Пронька поставил пустую кружку, прилег на лавку возле печи. И только закрыл глаза — Спирькино лицо. Не мертвое — живое. Какое видел третьего дня, до смерти: худое, желтое, с большими провалившимися глазами, с побелевшими веснушками и губами.

— Слышь, Проньк,— доносится слабый Спирькин голос.— Умру я.

— Вот еще! — грубовато кричит Пронька.— С чего умереть-то? С этих плеток? Ерунда. Еще пошумим, в бабки поиграем.

Спирька лежит на кровати, вытянув руки поверх одеяла, смотрит в угол потолка. Слышит он Проньку? Нет, пожалуй, не слышит: о чем-то своем думает, далеком, непонятном.

— Пронь... Тятьку с мамкой жалко... Плакать будут, когда умру. И себя жалко...

Пронька начал злиться, не отчего-нибудь, а от жалости.

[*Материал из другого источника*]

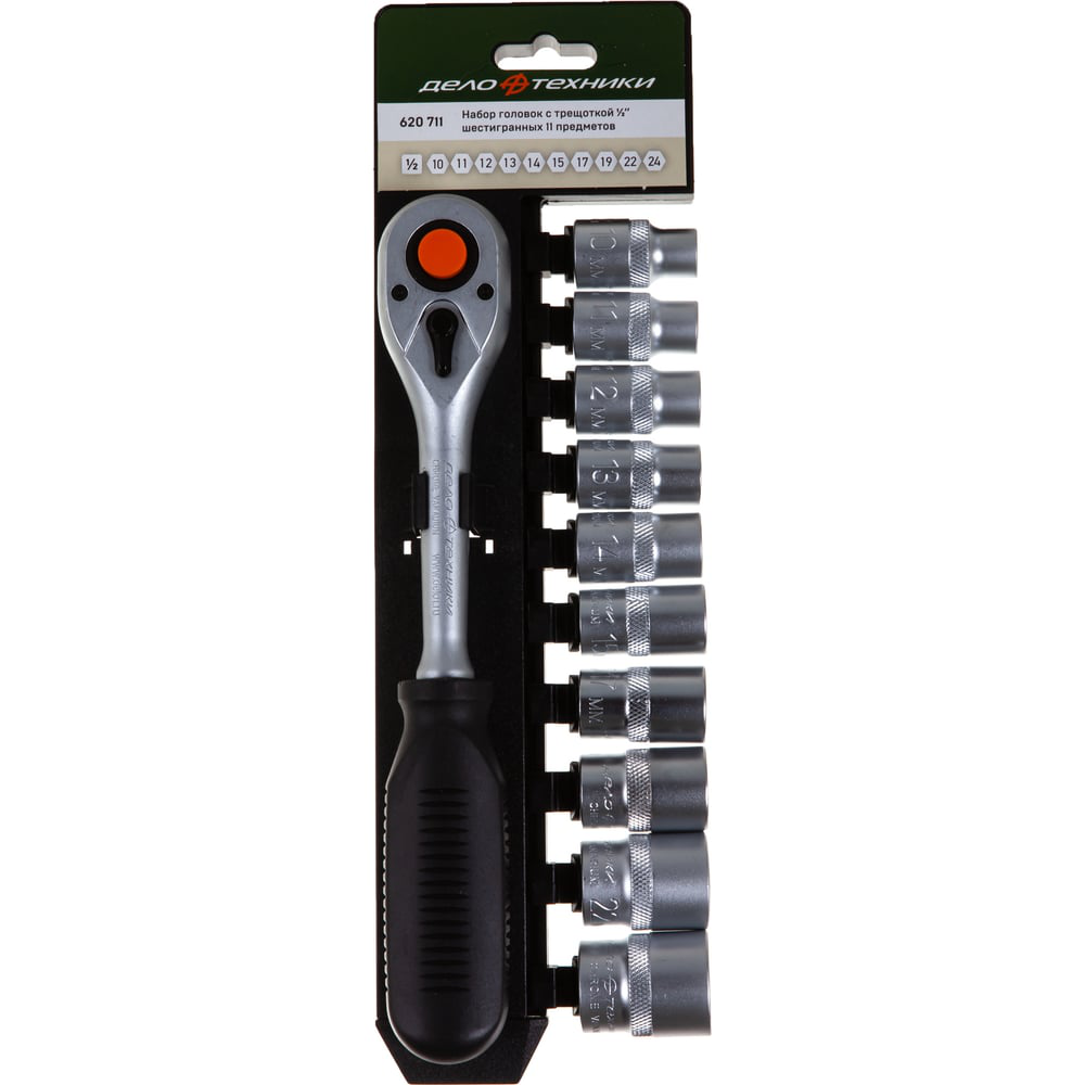 Набор шестигранных головок с трещоткой 1/2 11 предметов ДТ/12 Дело Техники 620711 изготовлен из хромванадиевой стали. Повышенная твердость достигается благодаря процессу холодной ковки с последующей термообработкой. Инструменты используется для монтажа и демонтажа резьбовых соединений. Трещотка обеспечивает дополнительный комфорт в работе, так как можно не перехватывать руку во время закручивания. Пластиковый держатель способствует компактному хранению приспособлений.
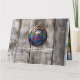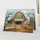 Grande Cartão de Feriado de Natal Evergreen. Belo celeiro histórico com um vidro manchado de século adorando a frente. Decorado para a diversão de Natal e Feriado para amigos, família e casamentos no inverno. Caminhão de safra chega com árvores e presentes para o dia especial. Buffalo e Yak ficam na neve a distância. O cartão-presente de dentro tem vidro colorido e madeira de celeiro com um quadro para a sua mensagem de Natal. Use a mensagem existente ou personalize o cartão com sua própria mensagem e o nome da família ou da empresa. Feliz Natal!
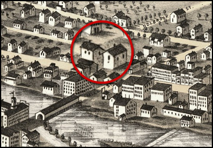 No photographs have been found to exist showing the building during the 1800s. The only glimpse we have of the building's original design comes from this 1867 aerial view map.
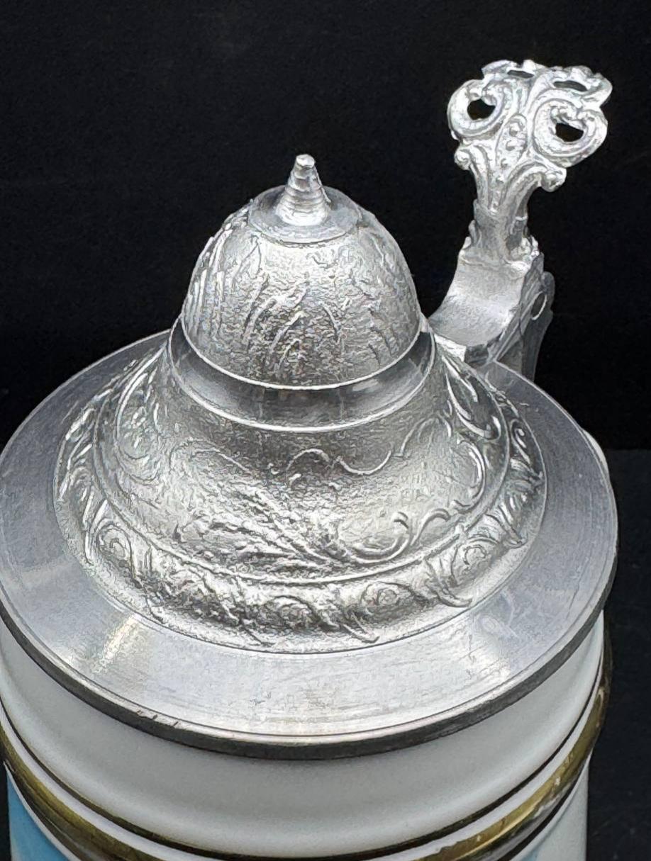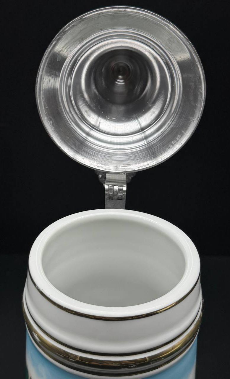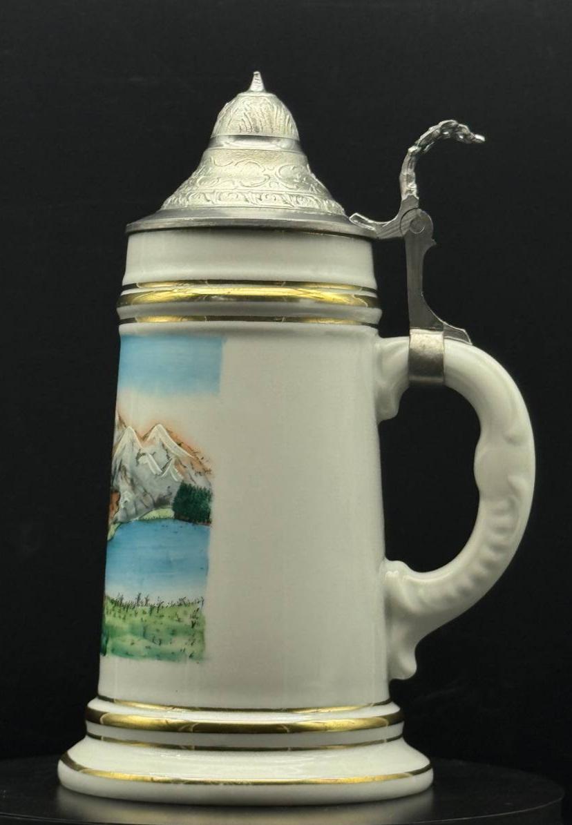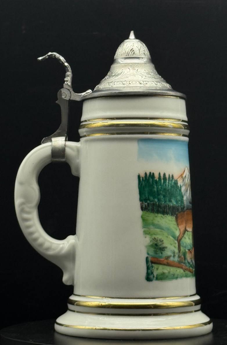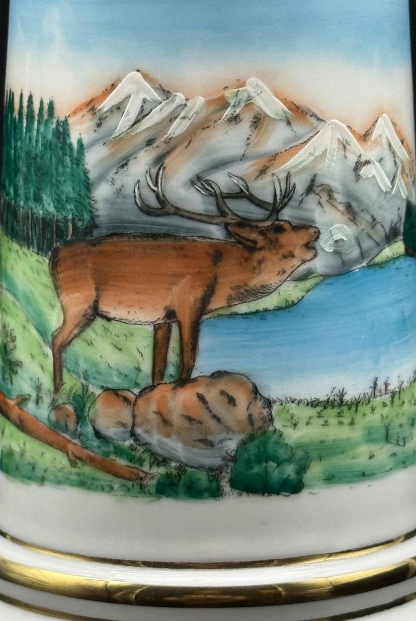 German antique hunting beer mug made of porcelain "Deer on the shore of an Alpine lake". The capacity of the mug is 0.5 liters, the height is 20 cm. The image of a deer on German beer mugs symbolizes noble prey and hunting traditions.
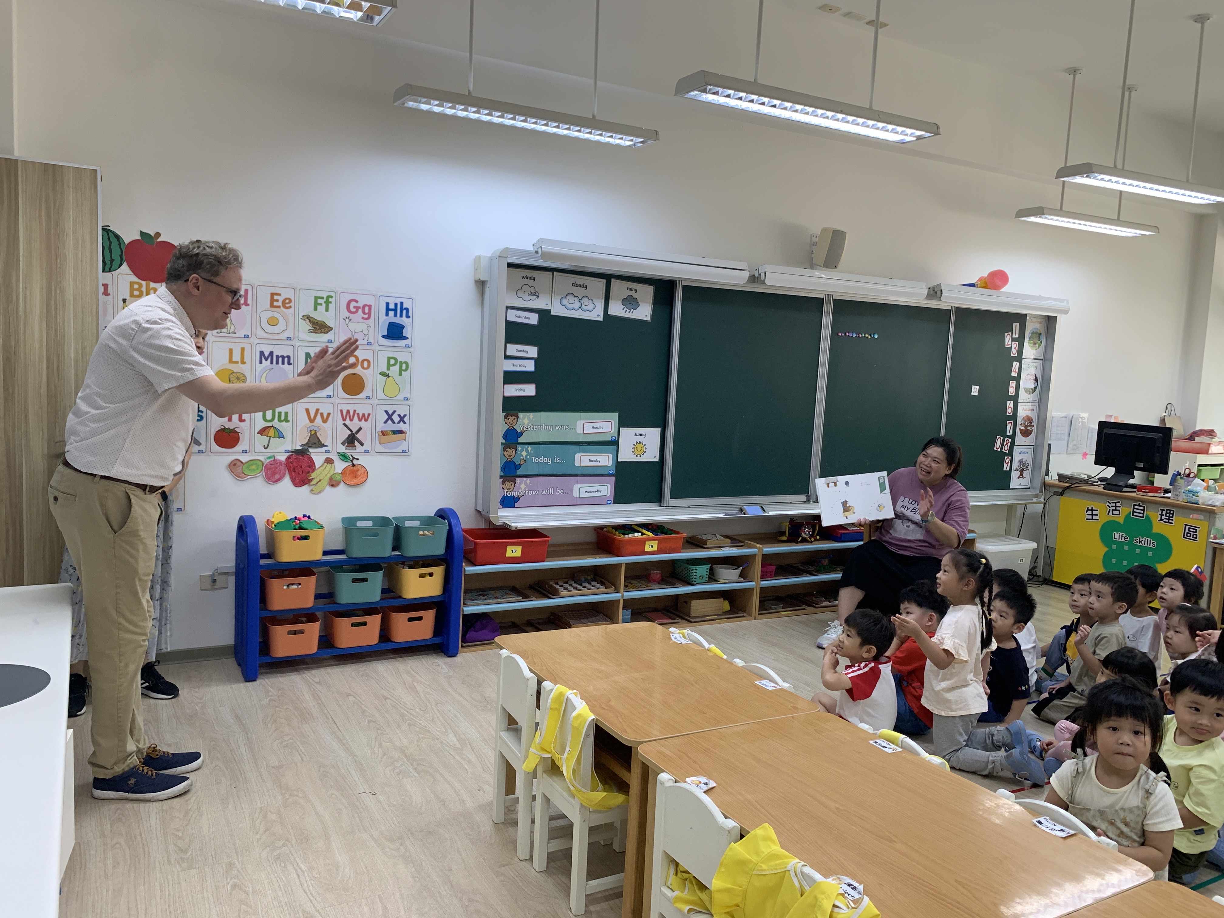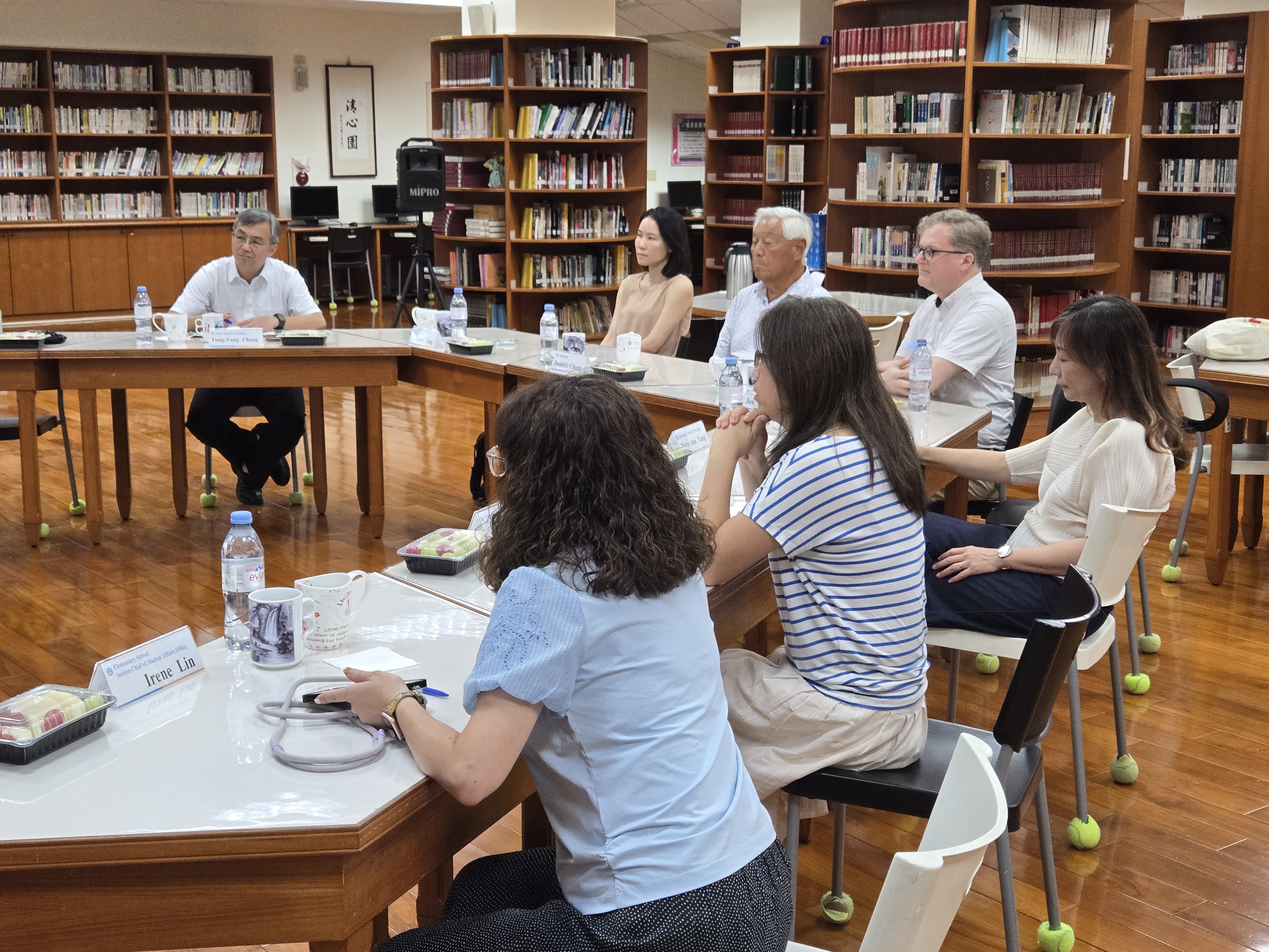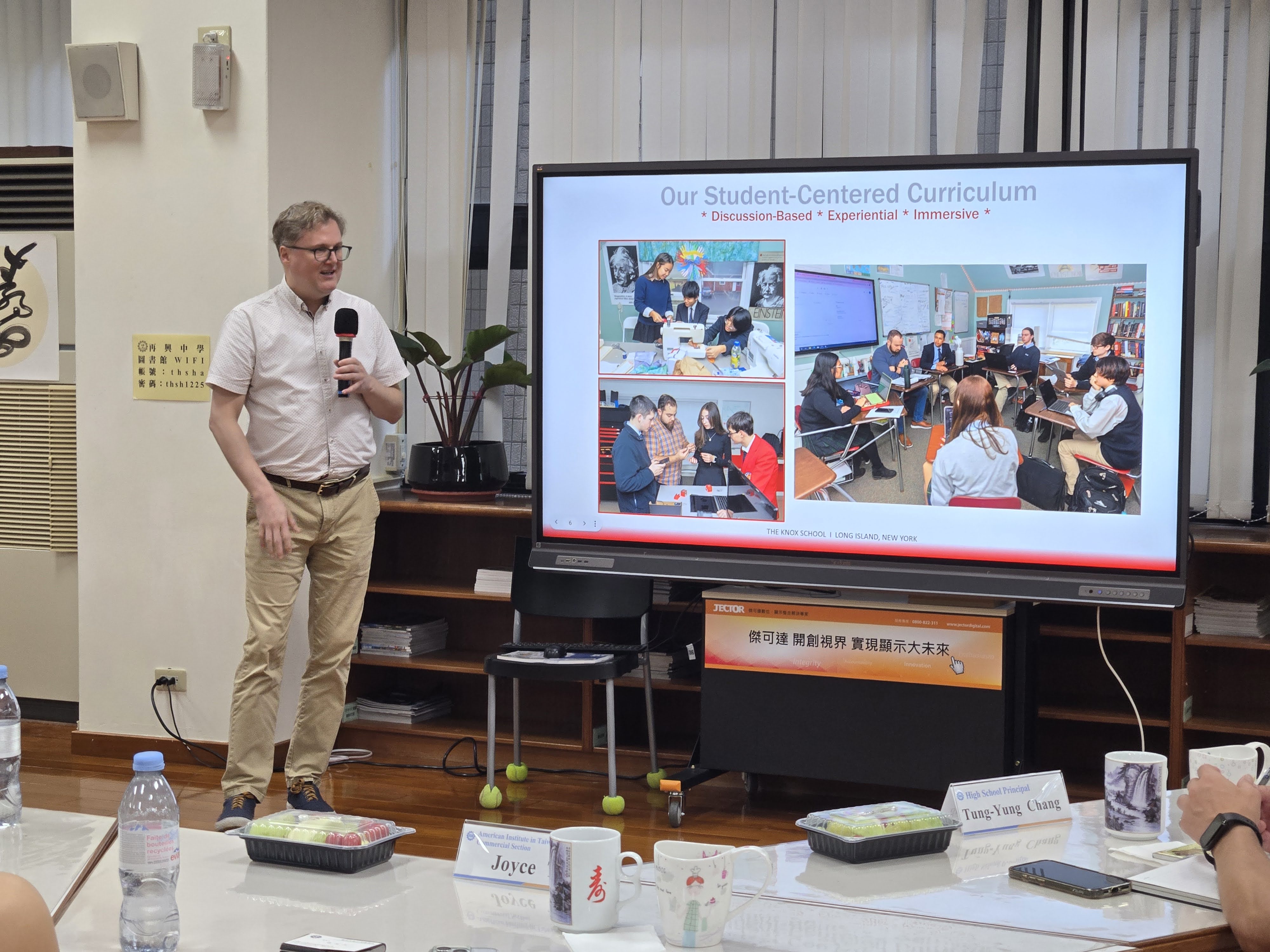 114年10月9日上午,美國紐約諾克斯學校(the Knox School)招生主任Joshua Pelkey蒞臨再興學校參訪,諾克斯學校是一所位於紐約長島的私立寄宿高中,成立超過40年,校園環境遼闊優美,甚至設有馬場及牧場,為6~12年級學生提供多元的中學及大學預修課程,以及豐富的體育及課外活動。 當天由張光正董事長帶領再興中小學團隊接待Joshua,與會師長包含張東勇校長、楊珩校長、李秉容主任、葉晶瑩主任及林雅鳳組長,Joshua抵達後,先到中學圖書館欣賞朱秀榮校長的文物,包含水墨畫作、京劇戲服等,並觀賞再興學校簡介影片,聆聽中學課程介紹簡報,對再興的環境、特色課程及活動有初步的認識。Joshua也詳細介紹諾克斯學校的校舍、歷史、課程安排及輔導規劃,該校旨在協助學生探索自我,進而找到未來的科系及職涯方向,因此非常重視五育培養及課程彈性,兩校在教育理念及方向上有諸多共同點,師長們也在簡報過程中熱絡的提問對談。 接著參觀校園,第一站前往幼兒園,蘇瑞鴛園長及老師們熱情的迎接,帶Joshua到教室裡和活潑的孩子們互動,用簡單的英文對話寒暄,第二站抵達小學圖書館,感受明亮溫馨的閱讀空間及互動式SEL特展,最後回到中學圖書館享用午餐,兩校師長相談甚歡,也期盼接下來能夠和諾克斯學校有近一步合作的機會。

— Говорю тебе, не умрешь — значит, так и будет. Тебе первому всыпали, что ли? Многих били. Артемку вон насквозь пулей прошило, и то оклемался! Выздоровеешь, Спирька, посмотришь!

Спирька долго молчал, глядя все в тот же угол, потом о трудом повернулся к Проньке:

— Артемка, поди, уже добрался к своим?

— И-и! — воскликнул Пронька, обрадовавшись, что Спирька заговорил о другом. — Поди, давно в отряде. Уже, наверное, успел какого-нибудь беляка шлепнуть. Сегодня люди сказывали: партизаны опять наклали белякам здорово. Пушки позабирали, пулеметы... Так что скоро вернутся. И батя твой.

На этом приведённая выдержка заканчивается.